### Required work
With the pictures left out, print exactly the lines below that run from the one containing "6. 「Notes」に登録通" through the one containing "根据重庆师范大学研究生院官网".

### Exercise material

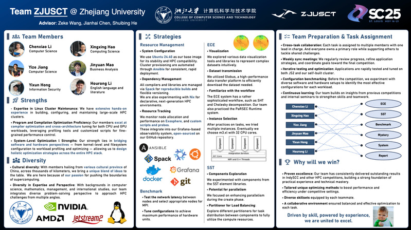 本届浙江大学超算队参赛队由计算机科学与技术学院的李晨潇、蒋翼泽、洪奕迅,数学科学学院的郝星星,外国语学院的李厚融与管理学院的茅晋源组成,由陈建海副教授、王则可百人计划研究员、张寅教授、何水兵长聘教授、庄博涵百人计划研究员指导。这支由多学科背景本科生组成的团队,在 46 小时线上决赛中展现了扎实的技术积累和卓越的团队协作能力。
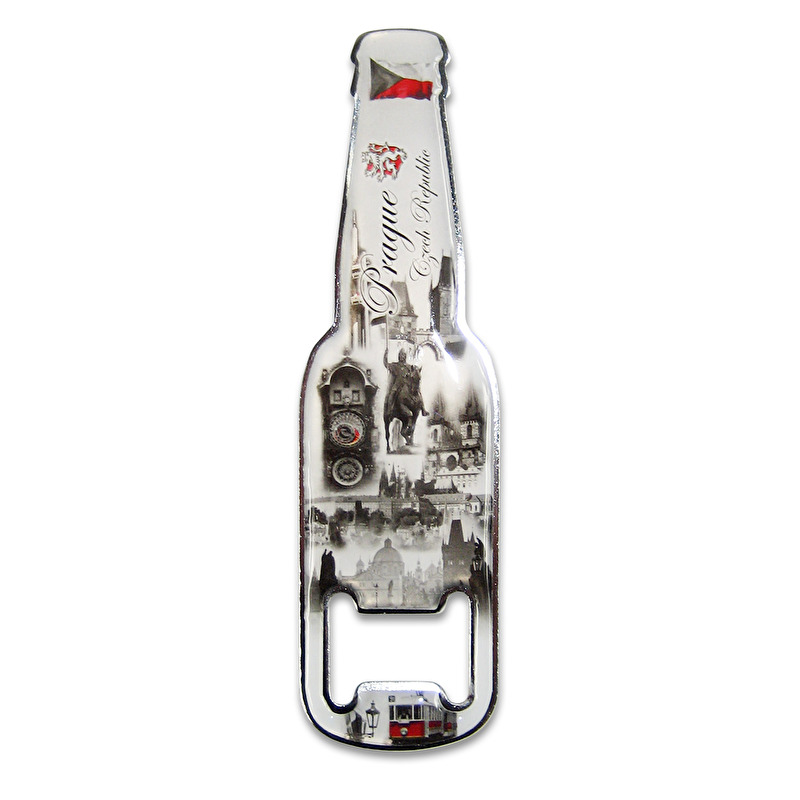 Metall-Magnet-Öffner Bier mit dem Prag-Motiv und Aufschrift Prague.
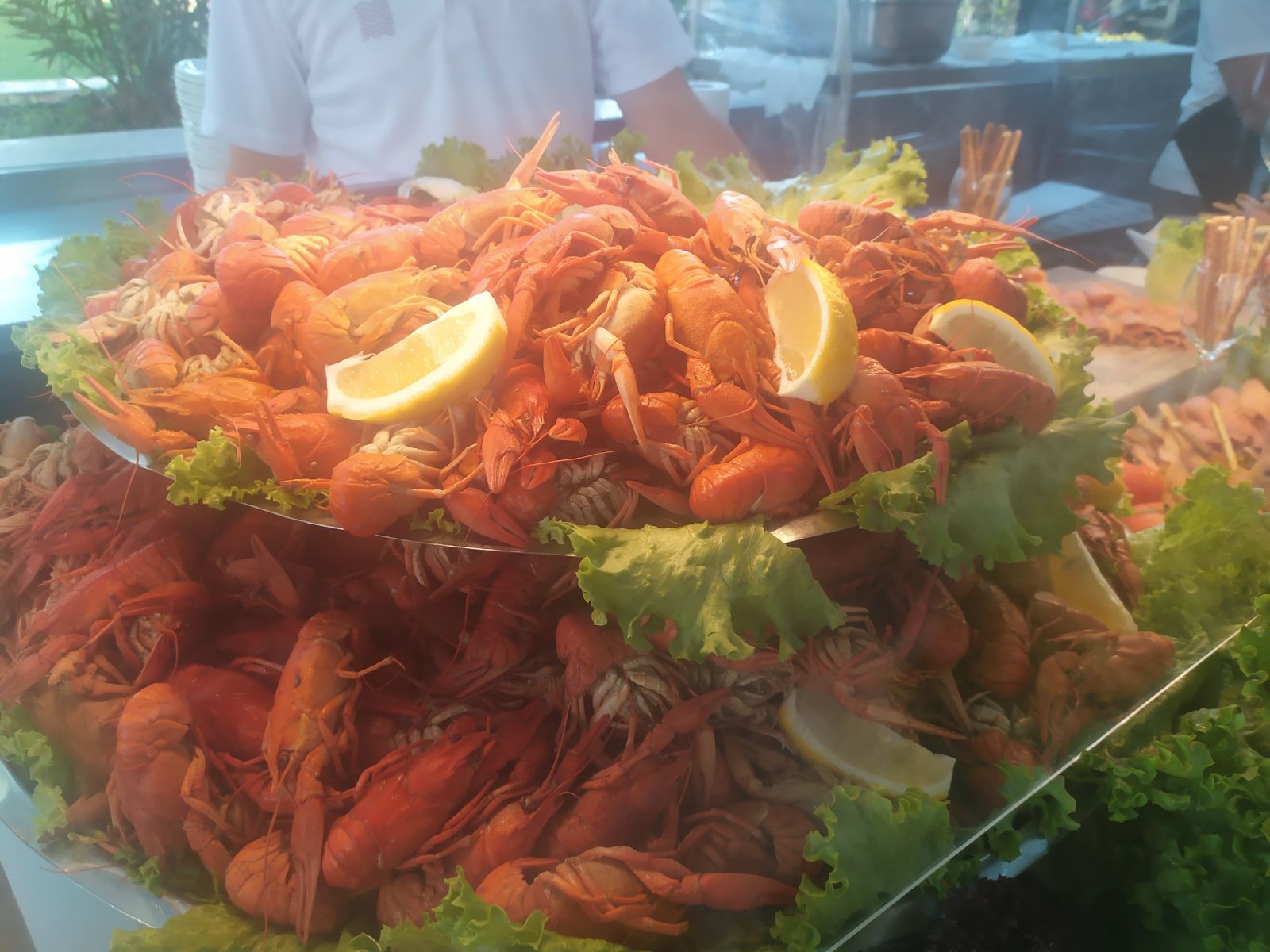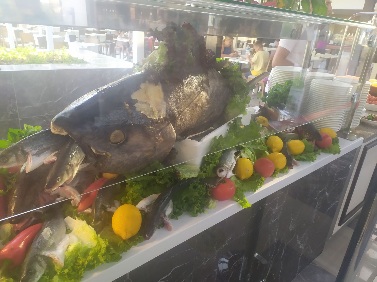 Первое, что встретило нас на ужине в ресторане Seven Seas Hotel Blue 5* – это тематический вечер морепродуктов, которые так ценят многие наши соотечественники, выбирая отели по уровню питания. Хотя мы сами, честно говоря, к ним несколько равнодушны, но здесь был восторг и у детей, и у взрослых. Композиции со свежевыловленными огромными тунцами, мидиями, раками, огромными королевскими креветками сразу вызвали восхищение.
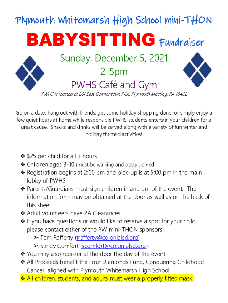Plymouth White marsh High School miniTHONBABYSITTING Fundraiser Sunday, December 5, 2021 25pm PHS CAF and Gym PHS is located at 201 East Germantown Pike, Plymouth Meeting, PA 19462Go on a date, hang
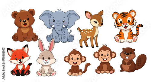 Charming collection of whimsical cartoon forest animals perfect for children's illustrations or
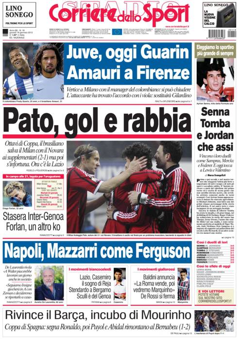 Corriere dello Sport: Pato, gol e rabbia 19/01/2012 di admin CORRIERE PATO GOL RABBIA – Sul Corriere dello Sport si parla di Pato che segna il due a uno contro il Novara e poi si fa male. La redazione di Calciomercatonews.com
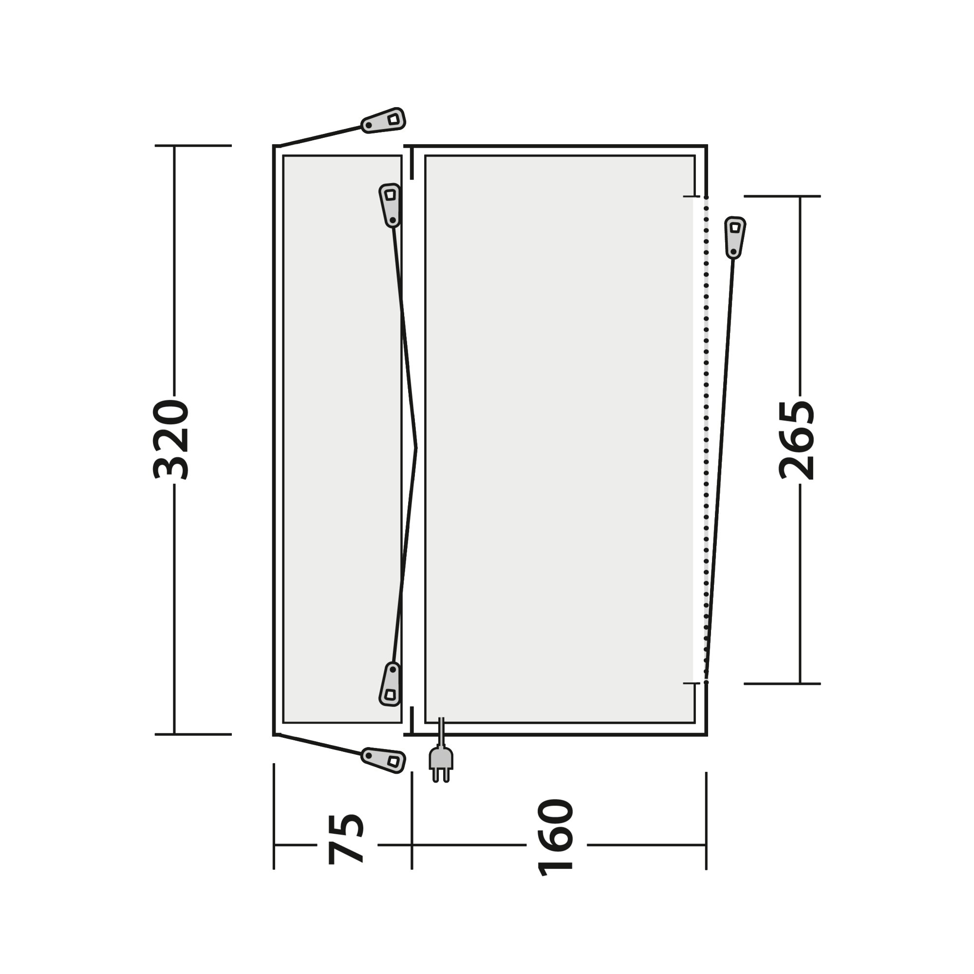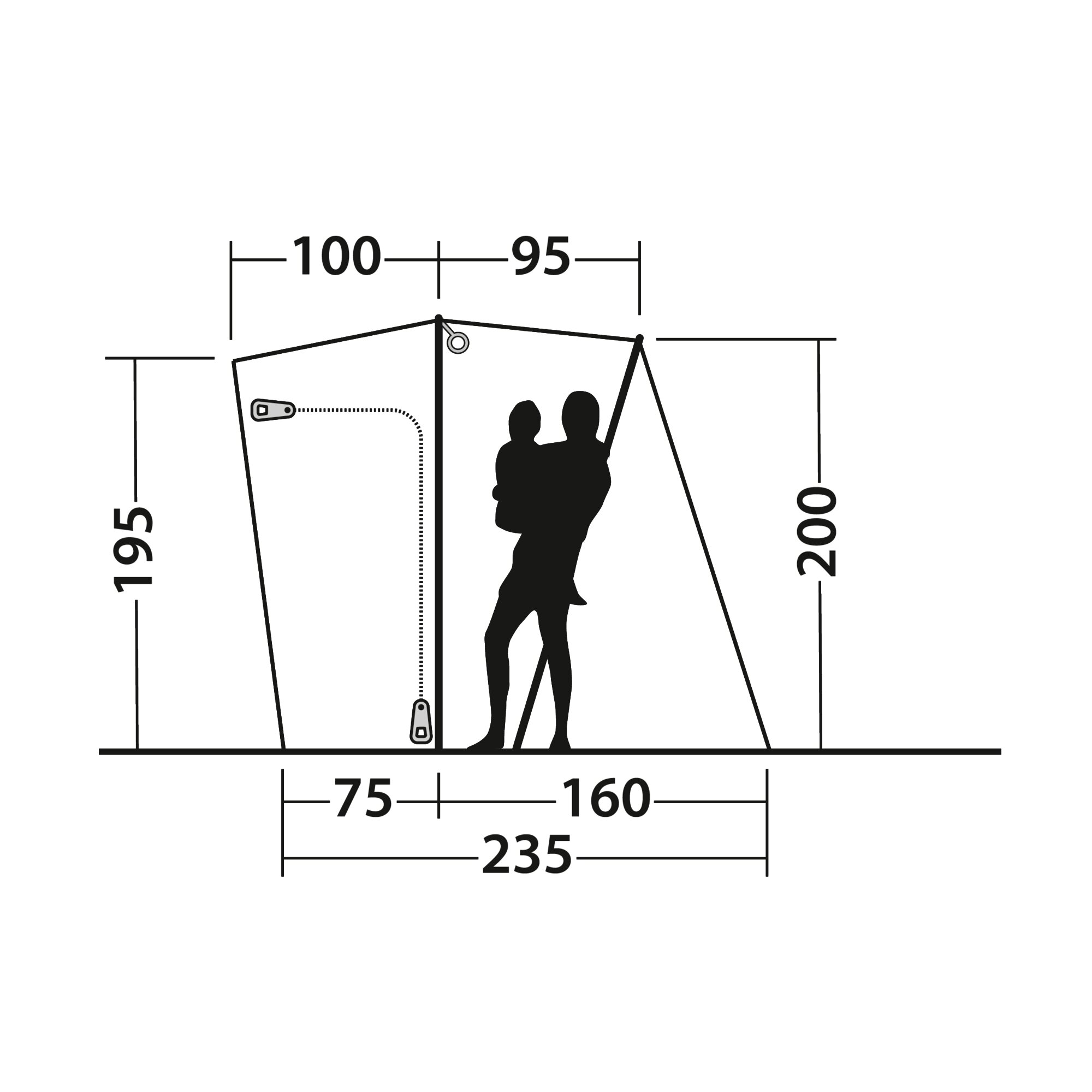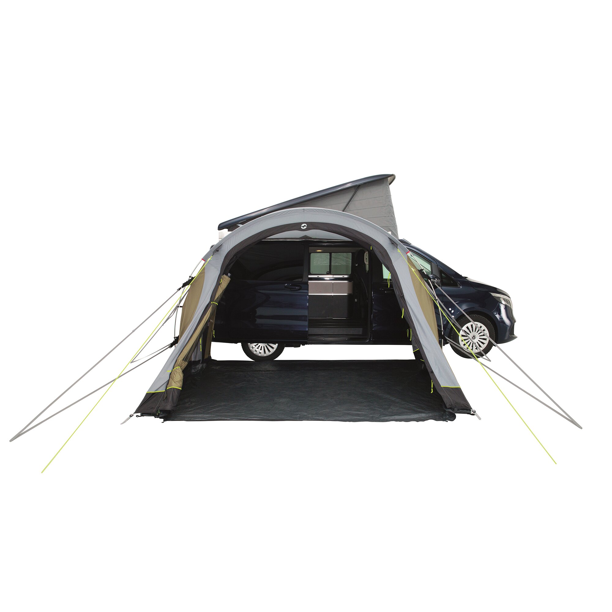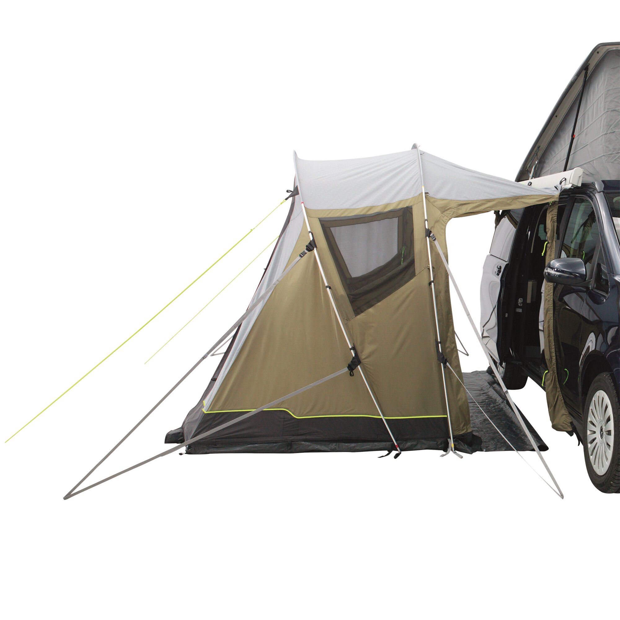 Wolnostojąca markiza zajmuje niewiele miejsca i jest bardzo kompaktowa i lekka. Dzięki dwóm lekkim aluminiowym słupkom łukowym, markizę rozkłada się w kilku prostych krokach. Podwyższoną podłogę, przymocowaną do ścianki markizy za pomocą rzepów, można również całkowicie zdjąć. Pozwala to jeszcze bardziej zmniejszyć rozmiar i wagę plecaka. Kilka okien z siatki z zapinanymi na suwak zasłonami zapewnia dobrą wentylację. W obszarze łącznika znajdują się przeciwległe boczne wejścia, ułatwiające dostęp do kampera i markizy.
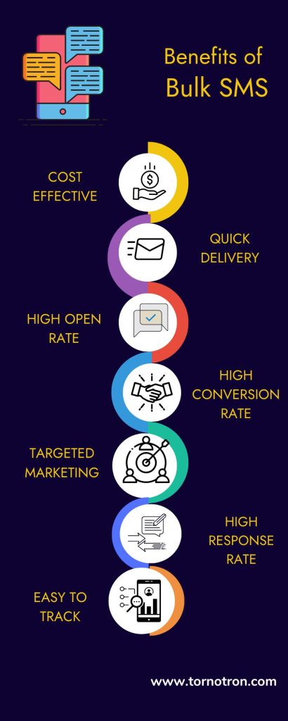 Cost-effective: Bulk SMS marketing is a cost-effective way to reach a large audience. Compared to other forms of marketing such as television, radio, and print ads, bulk SMS marketing is relatively cheap.
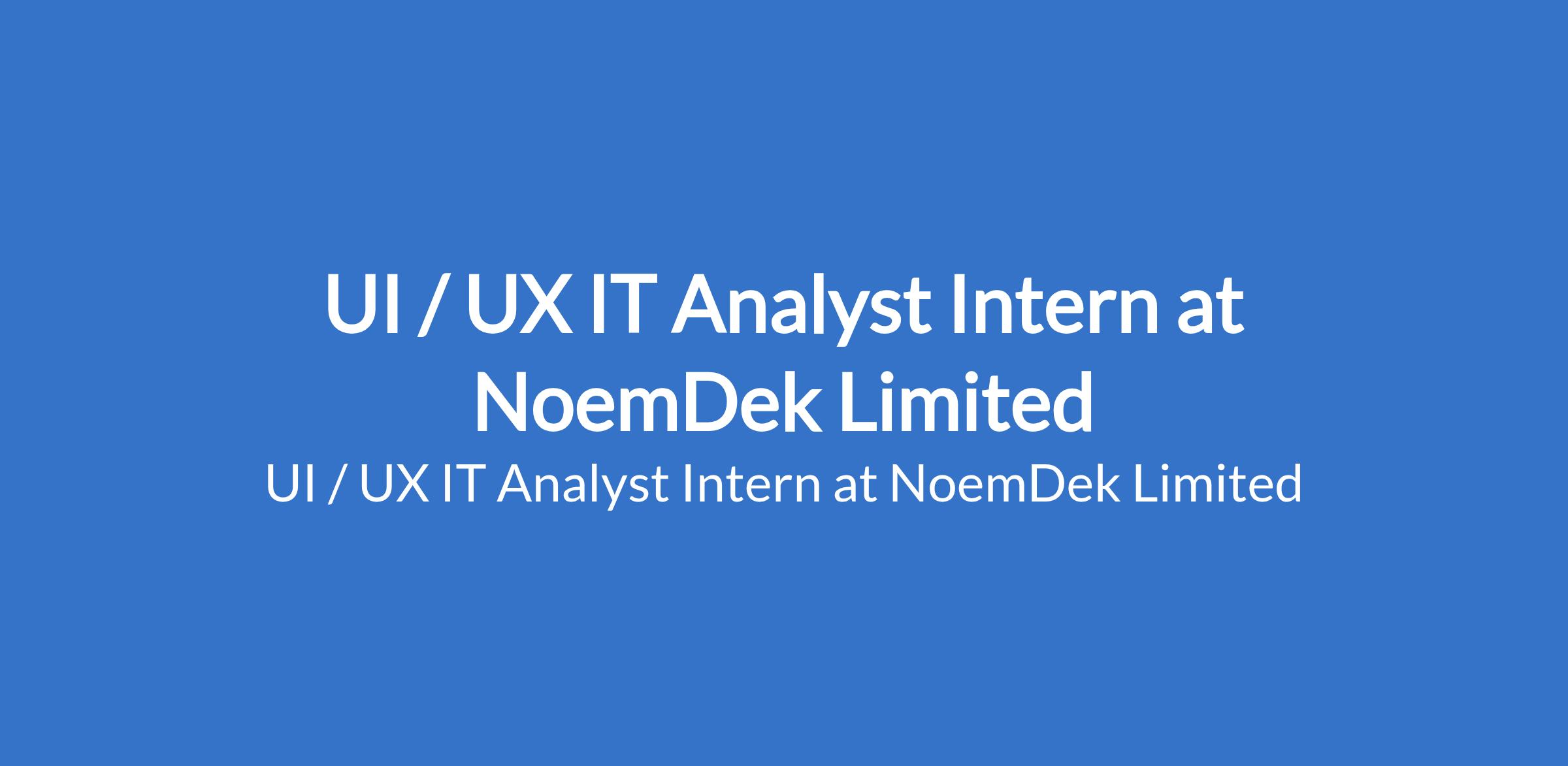 NoemDek Limited is recruiting to fill the position of: UI / UX IT Analyst Intern. The position is located in Ikoyi, Lagos State. As an intern, you will assist with system monitoring, data analysis, troubleshooting technical issues, and supporting ongoing technology projects across the organization. Interested candidates must be currently pursuing or recently completed a Degree in Computer Science, Information Technology, Engineering, or a related field.
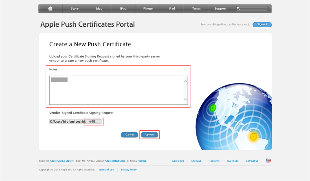 6. 「Notes」に登録通知書に記載されているDMコードを入力します。「参照」ボタンをクリックし、取得したCSRファイルを選択して、「Upload」ボタンをクリックします。
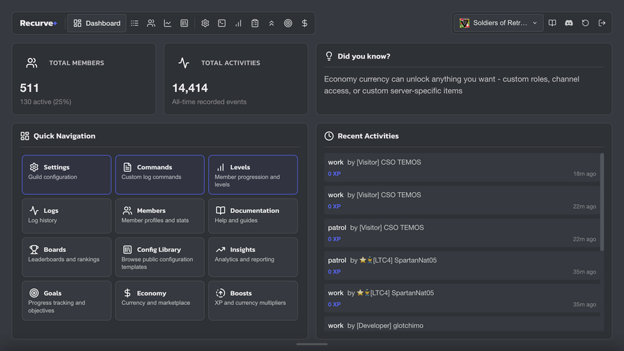 Transform your Discord community with Recurve, the powerful progression and activity tracking bot that keeps members engaged and growing. Whether you're running a gaming clan tracking missions, a roleplay server managing character advancement, or any community wanting to reward participation, Recurve's flexible system lets you create custom activities, track progress, and automate promotions with beautiful formatting and robust statistics.
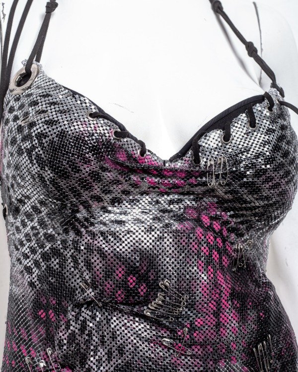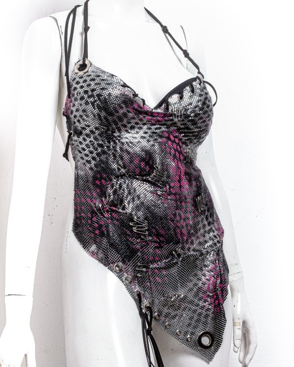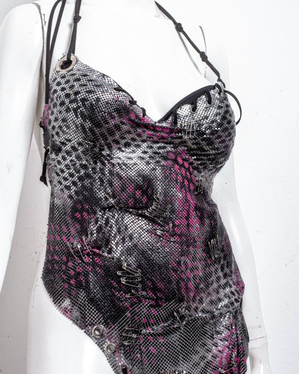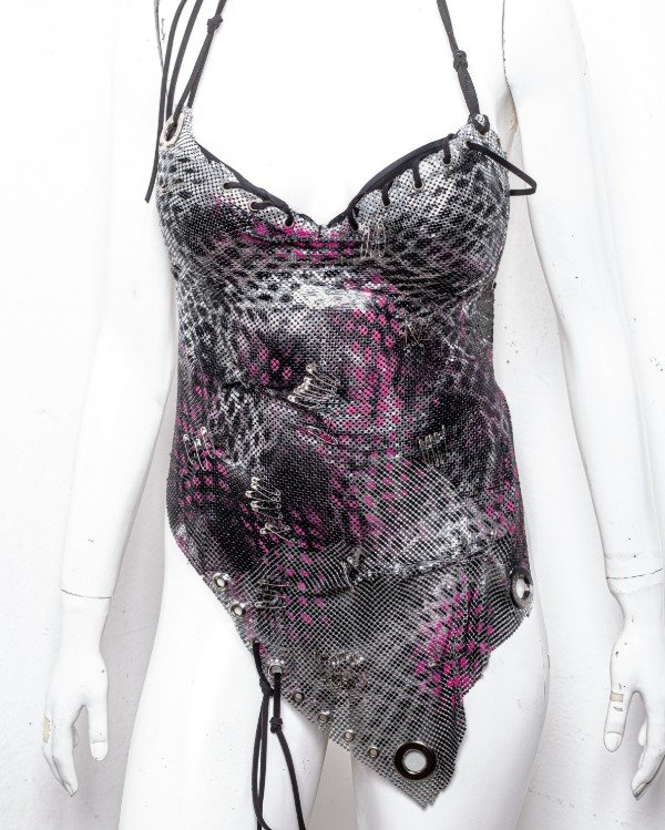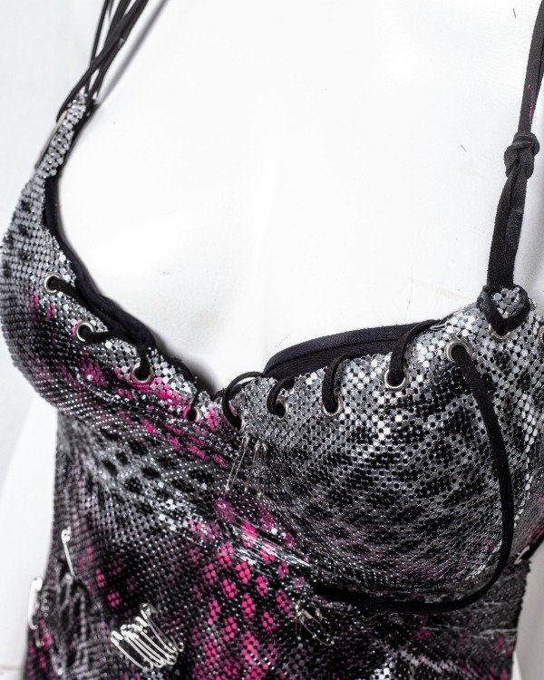 Materiales: malla metálica, en la parte del busto es rígida, tiene una base de corpiño por dentro para mas comodidad. Se ata por detrás y por el cuello con tiras de gamuza.
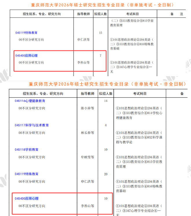 根据重庆师范大学研究生院官网《重庆师范大学2026年硕士研究生招生专业目录》,重庆师范大学2026年应用心理专硕计划招收全日制7人,非全日制10人。不区分研究方向。
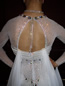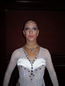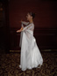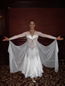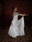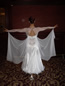 This ballgown was made in the spring of 2010 and is truly a dress for a champion. There are four skirts, the top skirt of white satin chiffon and the bottom three skirts of white chiffon. Floats on both sides of the dress are attached at the back and the wrists, also made of white chiffon. The bodice is white mesh, with white satin pleats creating a sweetheart topline and running to a point in the back. Absolutely covered in swarovski crystals, this is a perfect dress to look like a champion on the ballroom floor.
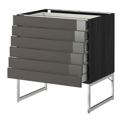 МЕТОД / МАКСИМЕРА Напольн шкаф 6фронт пнл/6 низ ящ - 80x60x60 см, Рингульт глянцевый серый, под дерево черный
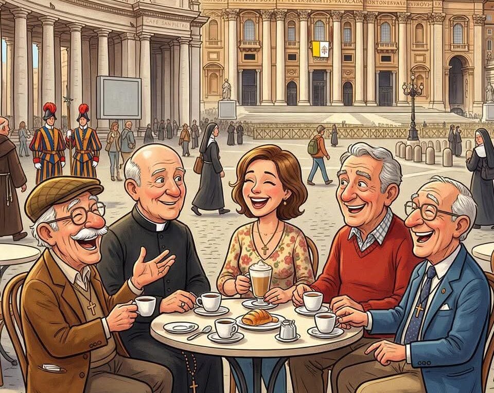 Four Catholic men and a Catholic woman were having coffee in St. Peter’s Square. The first Catholic man tells his

### Solution to this exercise
 6. 「Notes」に登録通知書に記載されているDMコードを入力します。「参照」ボタンをクリックし、取得したCSRファイルを選択して、「Upload」ボタンをクリックします。
 Transform your Discord community with Recurve, the powerful progression and activity tracking bot that keeps members engaged and growing. Whether you're running a gaming clan tracking missions, a roleplay server managing character advancement, or any community wanting to reward participation, Recurve's flexible system lets you create custom activities, track progress, and automate promotions with beautiful formatting and robust statistics.
 Materiales: malla metálica, en la parte del busto es rígida, tiene una base de corpiño por dentro para mas comodidad. Se ata por detrás y por el cuello con tiras de gamuza.
 根据重庆师范大学研究生院官网《重庆师范大学2026年硕士研究生招生专业目录》,重庆师范大学2026年应用心理专硕计划招收全日制7人,非全日制10人。不区分研究方向。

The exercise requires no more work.